OPINION:
During the so-called “Arab Spring,” the Obama administration insisted that the United States risked being on the “wrong side of history” if it remained aligned with secular despots like Egypt’s Hosni Mubarak. Recent events have made it clear there is a wrong side for freedom in the Middle East and, thanks to Team Obama’s embrace of the Muslim Brotherhood, we’re on it.
Take, for example, the cease-fire between Israel and the Muslim Brotherhood’s Palestinian franchise, the designated terrorist organization Hamas. Mohamed Morsi, the man the Muslim Brotherhood selected to replace Mr. Mubarak as president of Egypt, brokered the deal and has been lionized for doing so.
Far from representing a real contribution to peace, this truce is a coup for the Islamists. It blocked Israel from launching ground operations aimed at cleaning out terrorist strongholds, weapons caches and infrastructure in Gaza. Pursuant to the cease-fire’s terms, the Jewish state is even supposed to refrain from continuing to target Hamas leadership figures from the air.
Yet the Morsi-brokered cease-fire imposes no impediment to the jihadists in the Gaza Strip rearming for the next round of attacks on Israel. The deal creates the expectation that the only practical bar to such rearmament — namely, the Israeli blockade of Gaza — will be eased.
The credit given Mr. Morsi by the Obama administration and others for engineering so manifestly one-sided an accord ignores a central reality: The Brotherhood is simply buying time to achieve what the Soviets would call “a more favorable correlation of forces.” Once that is accomplished, the mother ship in Egypt and its affiliates in Gaza and elsewhere will be delighted to abandon the latest truce and renew their decades-long effort to “drive the Jews into the sea.”

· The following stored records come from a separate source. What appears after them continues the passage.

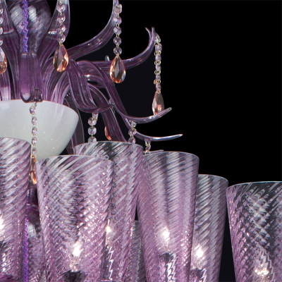 Moderne Murano-Kronleuchter in zarten Farben.
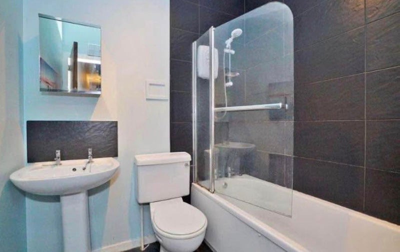 * **The Bathroom:** A bright, modern three-piece suite featuring a bathtub with an overhead electric shower and glass screen, stylish dark wall tiling, and a mirrored vanity unit.
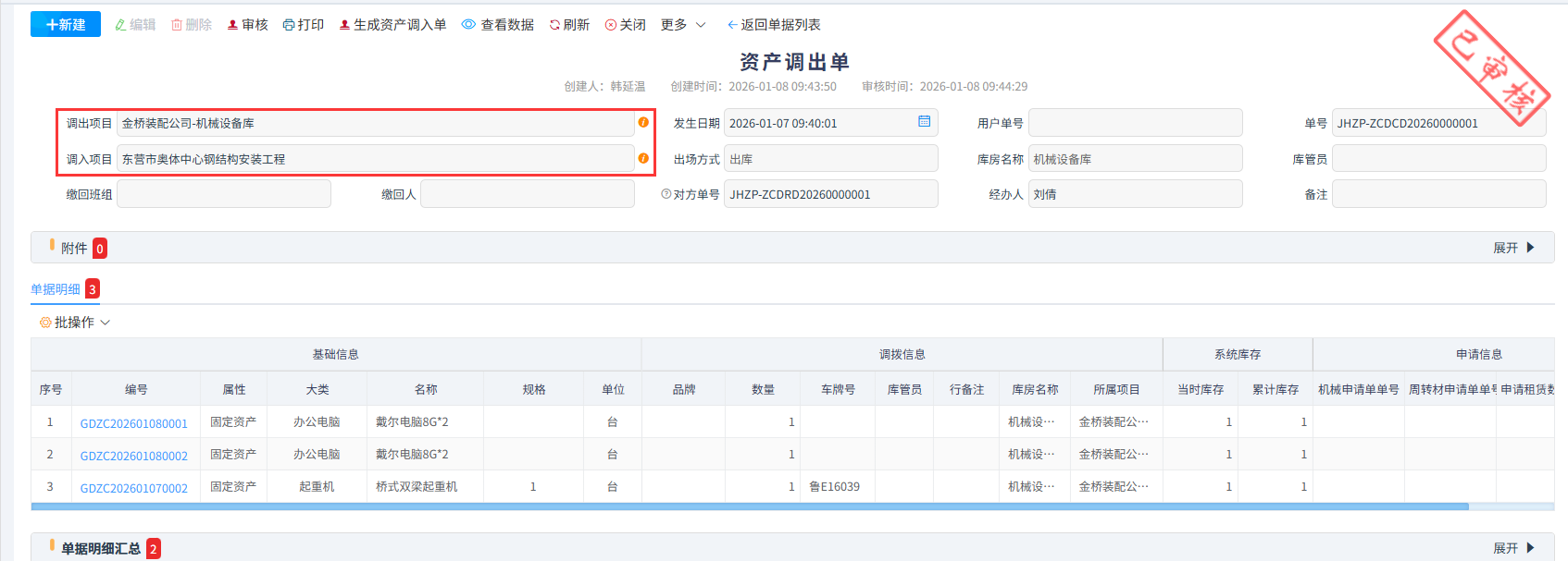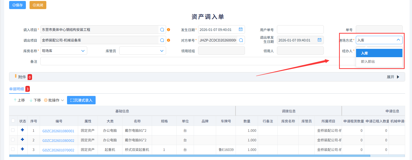 資產(chǎn)調(diào)入是指企業(yè)將資產(chǎn)從其他項(xiàng)目、部門或倉庫轉(zhuǎn)入特定使用地點(diǎn)的流程,資產(chǎn)調(diào)入單須通過已審核的資產(chǎn)調(diào)出單生成,生成過程中調(diào)入方可根據(jù)實(shí)際情況選擇入庫和即入即出(此選項(xiàng)不進(jìn)入庫房,領(lǐng)用無需出庫)
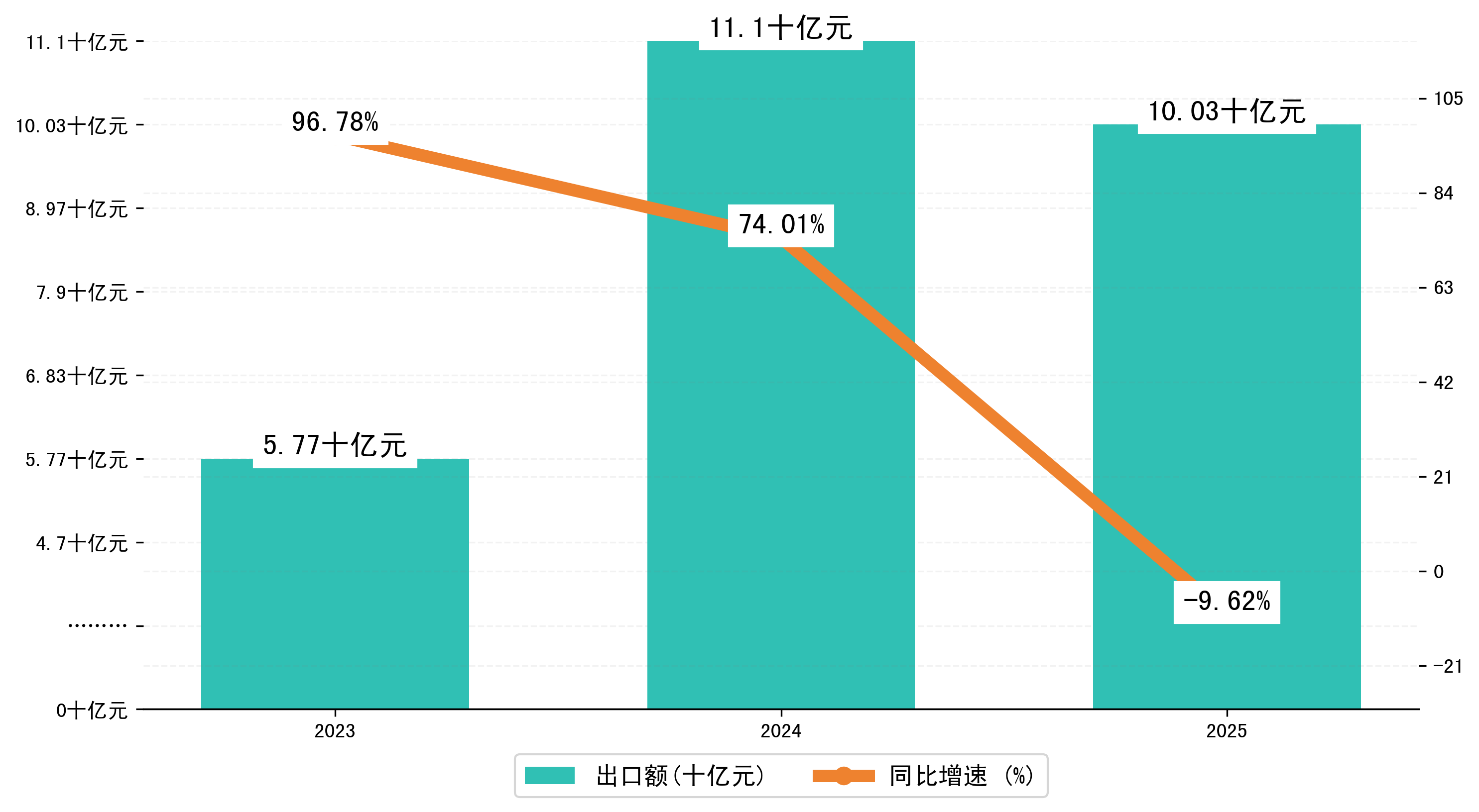 以人民币计,2025年1-7月铜陵市出口额为100,3249.2467万元,相比上年同期减少了10,6733.4812万元,同比减少了-9.60%。

The over-the-top endorsements of Mr. Morsi also may have encouraged him to announce immediately thereafter sweeping political changes in Egypt that suggest he is not interested in a functioning liberal democracy in his own country any more than he wants a durable peace with Israel.
Team Obama claims to have been “dismayed” by this second Morsi coup — in this case, effectively a coup d’etat — in Cairo. It should not have been surprised. Mr. Obama, after all, has been engaging and emboldening the Muslim Brotherhood from early in his presidency. This was one purpose of his much ballyhooed June 2009 visit to Egypt, in which he insisted that its representatives be allowed to attend the first Obama “outreach to the Muslim world” speech.
Moreover, in the months since, the Muslim Brotherhood has engineered Mr. Mubarak’s overthrow with almost immediate and strong support from the U.S. administration and has worked assiduously to take control of all of the reins of government in Egypt and to make Shariah the law of the land.
The problem for Team Obama is that Egyptians who did not intend to have a secular tyrant replaced by an Islamist one are beginning to find their voice.
It is far too early to say whether the fractious Egyptian opposition that has just begun to coalesce under the banner of the National Salvation Front will be able to pose a real challenge to the Muslim Brotherhood and other Salafists. With luck, they will do so, starting with large public demonstrations this week that could make possible a systematic rollback of the Islamists and their efforts to dictate Egypt’s future.
Unfortunately, if experience in Iran is any guide, the Obama administration will align itself with the jihadist oppressors rather than their anti-Islamist opponents. It will try to thwart any congressional effort to restrict further engagement with the Morsi regime, for example, by cutting off or conditioning foreign aid and military sales. Team Obama probably also will try to protect the Egyptian Muslim Brotherhood’s bids for additional financial assistance through billions of dollars’ worth of international loans and debt relief.
To what extent are individuals with ties to the Muslim Brotherhood who are working in or serving as advisers to the Obama administration contributing to these clearly counterproductive national security policies?
Five Republican members of Congress — Rep. Michele Bachmann, Rep. Louie Gohmert, Rep. Trent Franks, Rep. Lynn A. Westmoreland and Rep. Thomas J. Rooney — presciently raised this concern last June and were roundly criticized for doing so (including by some in their own party). They appear to have been vindicated in their warnings that such influence operations are putting us on the wrong side of history. We cannot afford to remain there, to the benefit of our enemies and their jihadist agenda.
Frank J. Gaffney Jr. is president of the Center for Security Policy (SecureFreedom.org), a columnist for The Washington Times and host of Secure Freedom Radio on WRC-AM (1260).